Automated tests alone are not enough. You must manually verify your changes work via both the CLI and MCP tools:

# CLI
nlm <your-command> ...

# MCP (restart your MCP client first after reinstalling)
# Use the MCP tool in Claude Code, Claude Desktop, or your client of choice

Include evidence of both CLI and MCP testing in your PR description.

Error Handling

  • Services raise ServiceError or ValidationError from services/errors.py. Never raw Python exceptions.
  • Chain exceptions properly: raise ServiceError(...) from err (ruff rule B904)
  • Destructive or long-running operations must require confirm=True. Always show the user what will happen before they confirm.

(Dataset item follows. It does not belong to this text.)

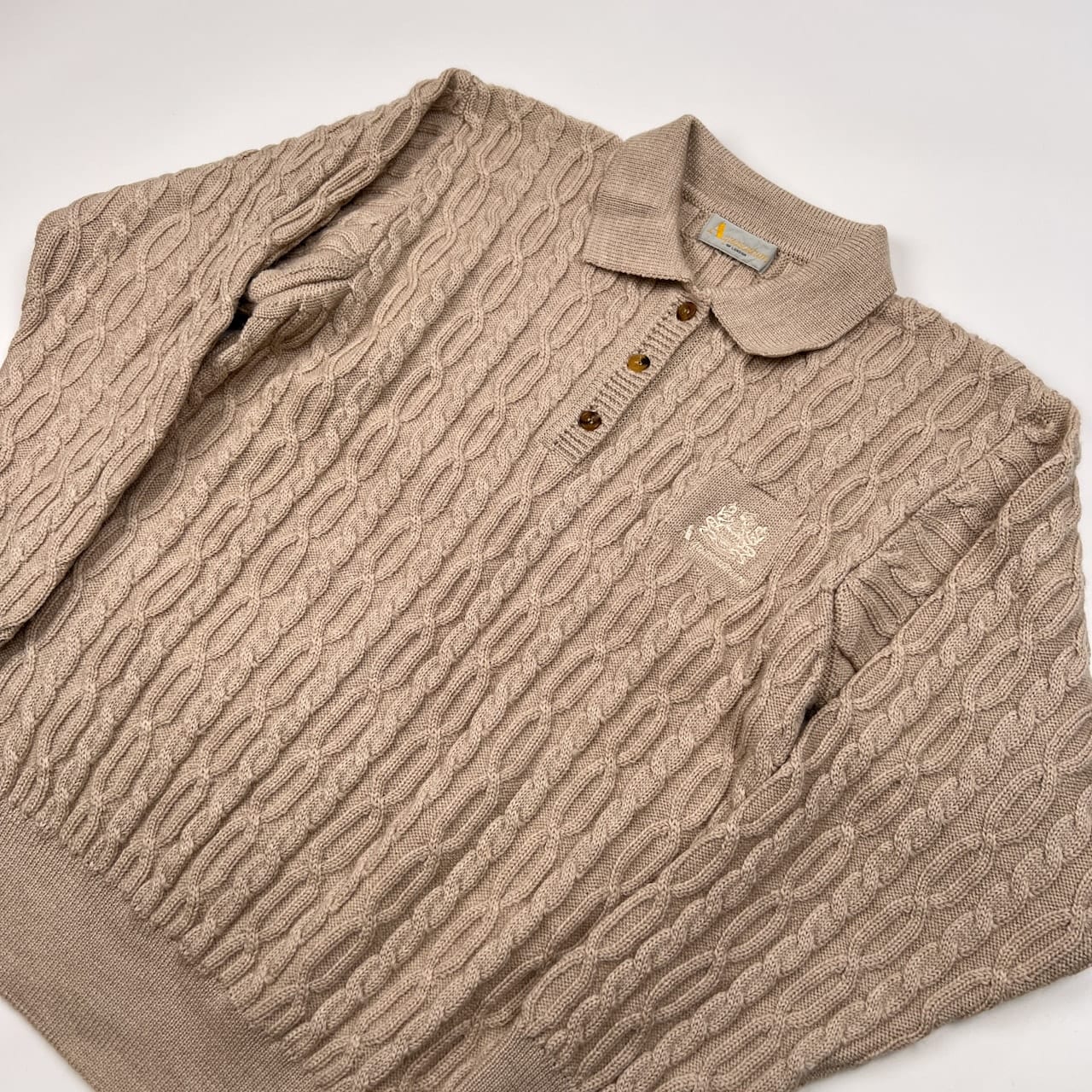 美品 Aquascutum アクアスキュータム ロゴ刺繍 ケーブル編み ウールニットセーター /ビンテージ/ベージュ/D-TK1200

Operations that currently require confirmation:

  • Deleting notebooks, sources, notes, or studio artifacts (irreversible)
  • Syncing Drive sources
  • All studio content creation
  • Slide revision

If your feature is destructive or produces billable/quota-consuming results, add the confirm parameter.

Handling API Changes

Google rolls out API changes gradually, sometimes by region, sometimes by account. If users report failures you can't reproduce:

  1. Ask for the raw request payload (f.req) from their browser
  2. Compare it against the current code's param structure
  3. If the RPC ID changed, implement a fallback pattern (try new RPC first, fall back to old)

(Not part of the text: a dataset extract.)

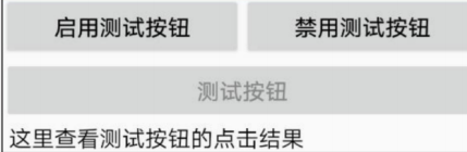 <LinearLayout xmlns:android="http://schemas.android.com/apk/res/android" android:layout_width="match_parent" android:layout_height="match_parent" android:orientation="vertical"> <LinearLayout android:layout_width="match_parent" android:layout_height="wrap_content" android:orientation="horizontal"> <Button android:id="@+id/btn_enable" android:layout_width="0dp" android:layout_height="wrap_content" android:layout_weight="1" android:text="启用测试按钮" android:textColor="#000000" android:textSize="17sp" /> <Button android:id="@+id/btn_disable" android:layout_width="0dp" android:layout_height="wrap_content" android:layout_weight="1" android:text="禁用测试按钮" android:textColor="#000000" android:textSize="17sp" /> </LinearLayout> <Button android:id="@+id/btn_test" android:layout_width="match_parent" android:layout_height="wrap_content" android:enabled="false" android:text="测试按钮" android:textColor="#888888" android:textSize="17sp" /> <TextView android:id="@+id/tv_result" android:layout_width="match_parent" android:layout_height="wrap_content" android:paddingLeft="5dp" android:text="这里查看测试按钮的点击结果" android:textColor="#000000" android:textSize="17sp" /> </LinearLayout>

See the add_url_source() dual-RPC fallback in core/sources.py for an example of this pattern.

Security

This is a security-conscious codebase. Keep these in mind:

  • Never commit cookies, tokens, or credentials. Not in code, tests, or examples.
  • Validate output paths. Downloads must not write to sensitive directories (.ssh, .aws, .gnupg, etc.)
  • Validate URLs. Base URLs must be HTTPS and on the Google domain allowlist.
  • File permissions. Auth files and debug output should use restrictive permissions (0o600 / 0o700)
  • No command injection. Never pass user input to shell commands unsanitized.

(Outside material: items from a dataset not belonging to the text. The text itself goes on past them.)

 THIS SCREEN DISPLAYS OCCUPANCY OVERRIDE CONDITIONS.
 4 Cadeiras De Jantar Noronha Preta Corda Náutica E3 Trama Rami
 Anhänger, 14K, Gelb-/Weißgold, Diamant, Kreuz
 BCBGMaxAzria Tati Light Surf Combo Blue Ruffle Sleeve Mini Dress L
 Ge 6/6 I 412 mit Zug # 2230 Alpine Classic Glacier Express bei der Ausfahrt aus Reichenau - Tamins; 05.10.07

To report a security vulnerability, please email the maintainer directly. Don't open a public issue.

PR Guidelines

  • One feature or fix per PR. Keeps reviews manageable.
  • Include a clear description. What changed, why, and how you verified it.
  • Show live API verification. Mention that you tested against the actual NotebookLM API, not just mocks.
  • Don't bump the version. The maintainer handles versioning and releases.
  • Don't add Co-authored-by trailers. Commits are attributed to the PR author.

Dependencies

This project keeps dependencies minimal. If your change requires a new dependency, justify it in the PR description. Prefer using what's already available (httpx, typer, websocket-client) over adding new packages.

License

By contributing, you agree that your contributions will be licensed under the MIT License.